No pictures, please. Output the lines from the start of the data through the line that contains "تألقت الأميرة إيمان", both included, exactly as they stand.

● Available data:
============================================================
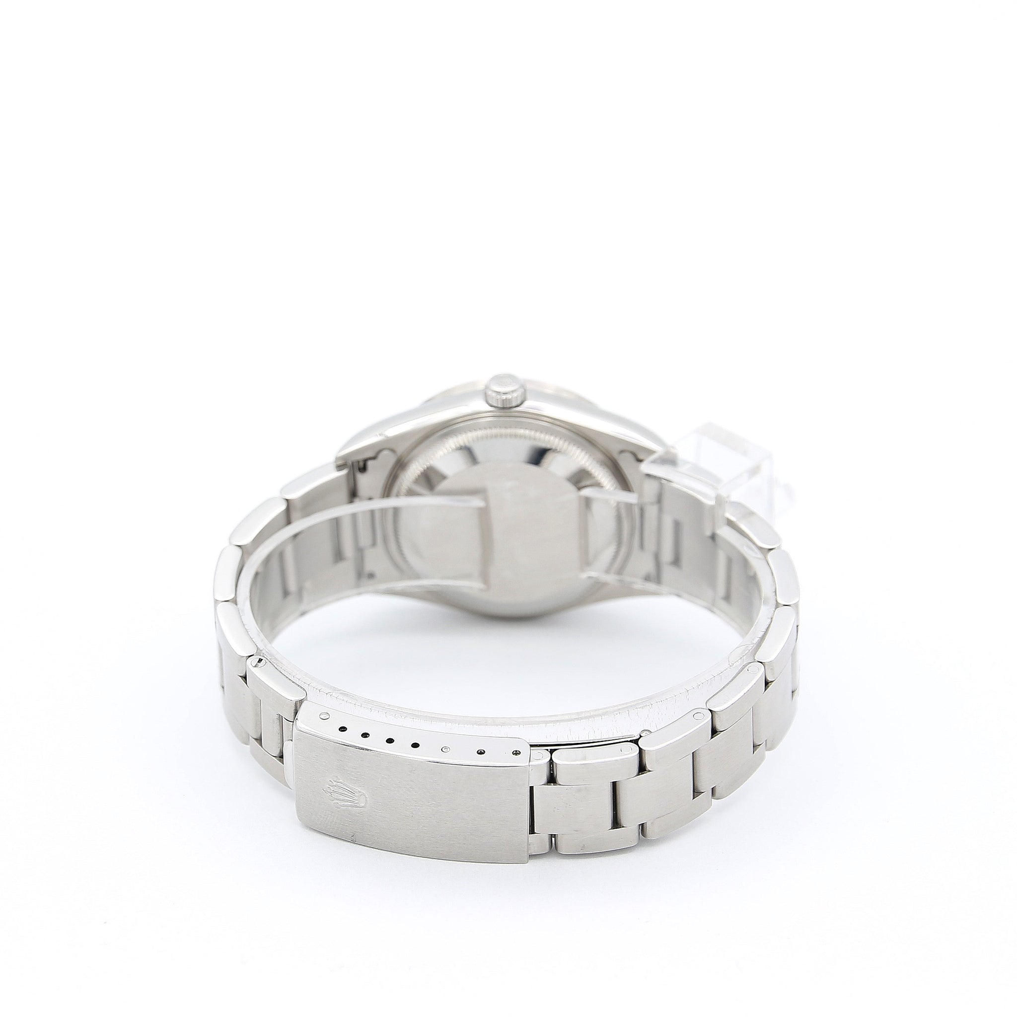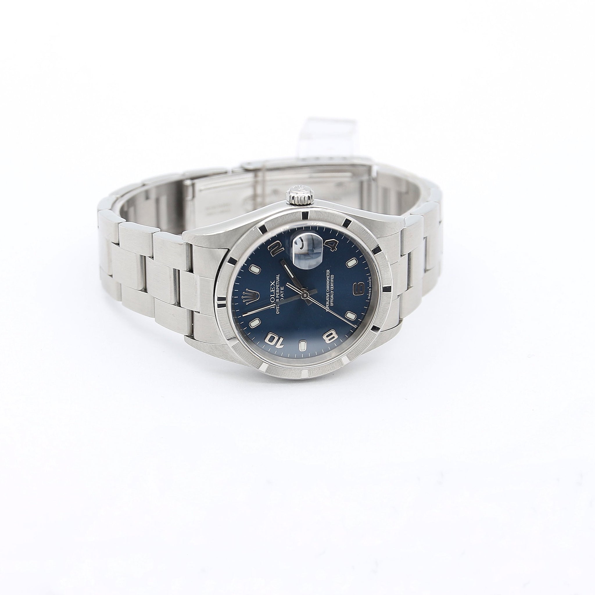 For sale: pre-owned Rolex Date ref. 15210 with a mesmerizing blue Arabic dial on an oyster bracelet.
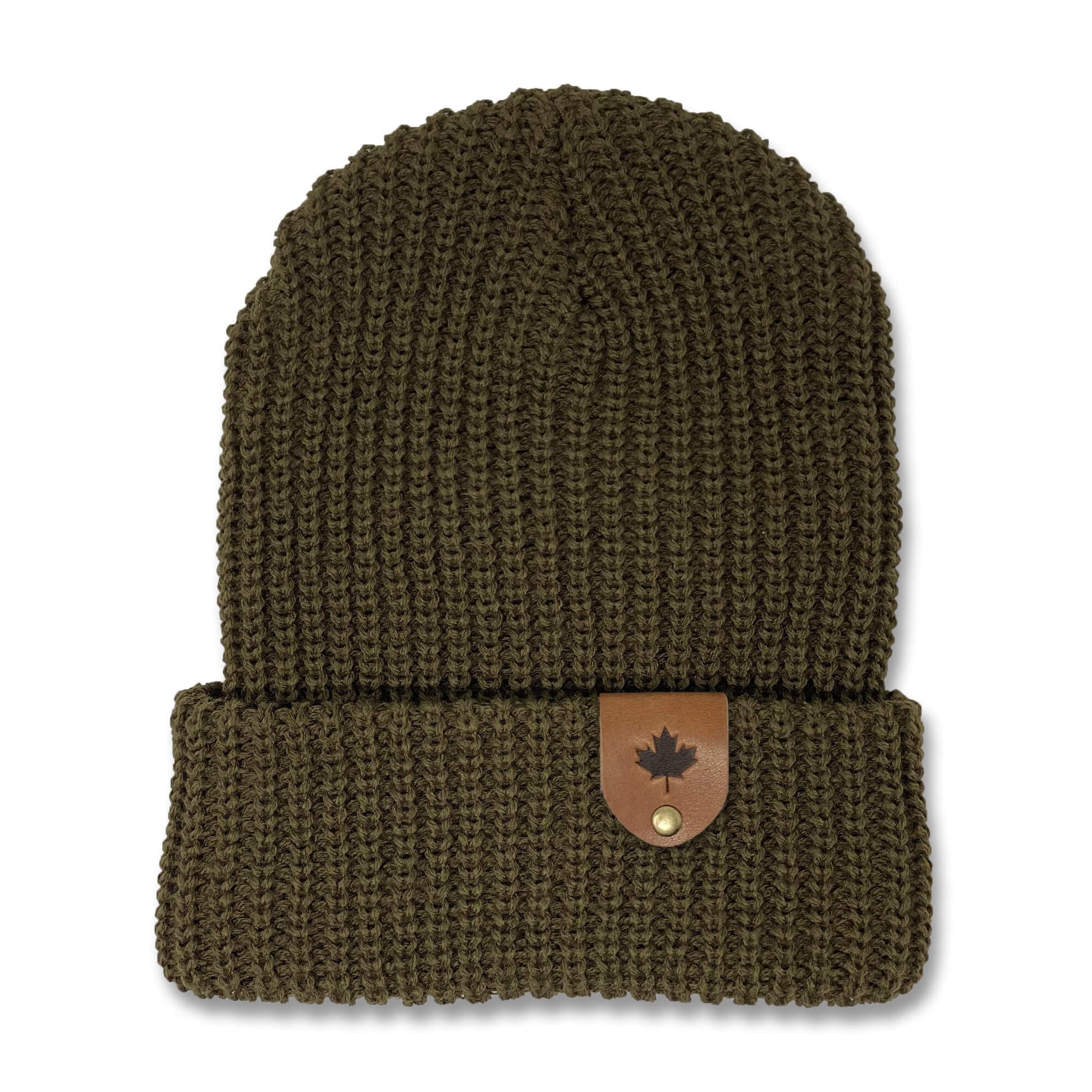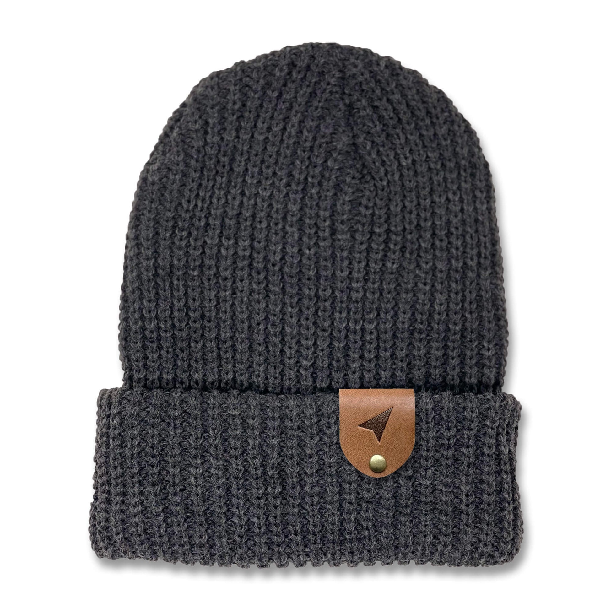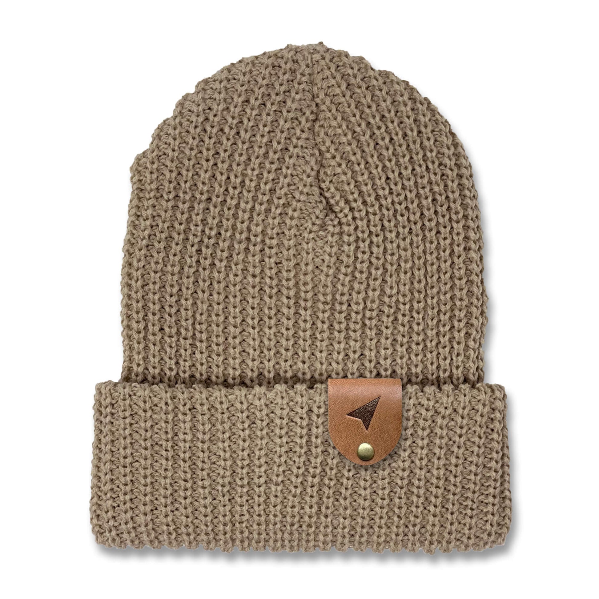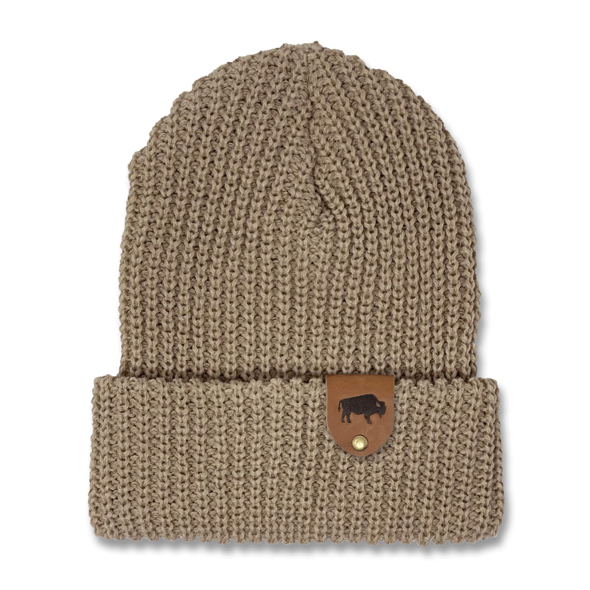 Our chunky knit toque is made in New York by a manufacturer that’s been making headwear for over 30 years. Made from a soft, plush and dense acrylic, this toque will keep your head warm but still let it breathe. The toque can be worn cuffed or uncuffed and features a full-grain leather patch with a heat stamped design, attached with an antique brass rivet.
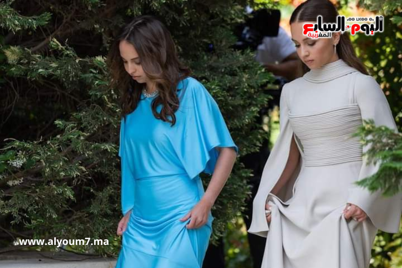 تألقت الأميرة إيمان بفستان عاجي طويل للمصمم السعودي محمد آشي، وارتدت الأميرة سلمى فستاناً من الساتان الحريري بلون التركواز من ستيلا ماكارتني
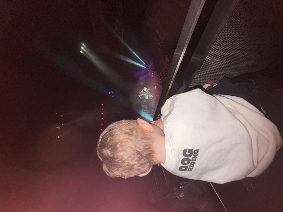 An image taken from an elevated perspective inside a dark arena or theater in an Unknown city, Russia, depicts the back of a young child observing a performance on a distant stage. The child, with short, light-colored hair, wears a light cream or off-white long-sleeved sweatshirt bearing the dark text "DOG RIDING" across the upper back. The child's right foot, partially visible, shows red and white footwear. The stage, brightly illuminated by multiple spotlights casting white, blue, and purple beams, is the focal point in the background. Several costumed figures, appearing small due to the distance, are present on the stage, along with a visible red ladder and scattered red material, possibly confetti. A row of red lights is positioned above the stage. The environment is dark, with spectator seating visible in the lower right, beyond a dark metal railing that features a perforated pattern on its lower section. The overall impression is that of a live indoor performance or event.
============================================================
● Task result:
 For sale: pre-owned Rolex Date ref. 15210 with a mesmerizing blue Arabic dial on an oyster bracelet.
 Our chunky knit toque is made in New York by a manufacturer that’s been making headwear for over 30 years. Made from a soft, plush and dense acrylic, this toque will keep your head warm but still let it breathe. The toque can be worn cuffed or uncuffed and features a full-grain leather patch with a heat stamped design, attached with an antique brass rivet.
 تألقت الأميرة إيمان بفستان عاجي طويل للمصمم السعودي محمد آشي، وارتدت الأميرة سلمى فستاناً من الساتان الحريري بلون التركواز من ستيلا ماكارتني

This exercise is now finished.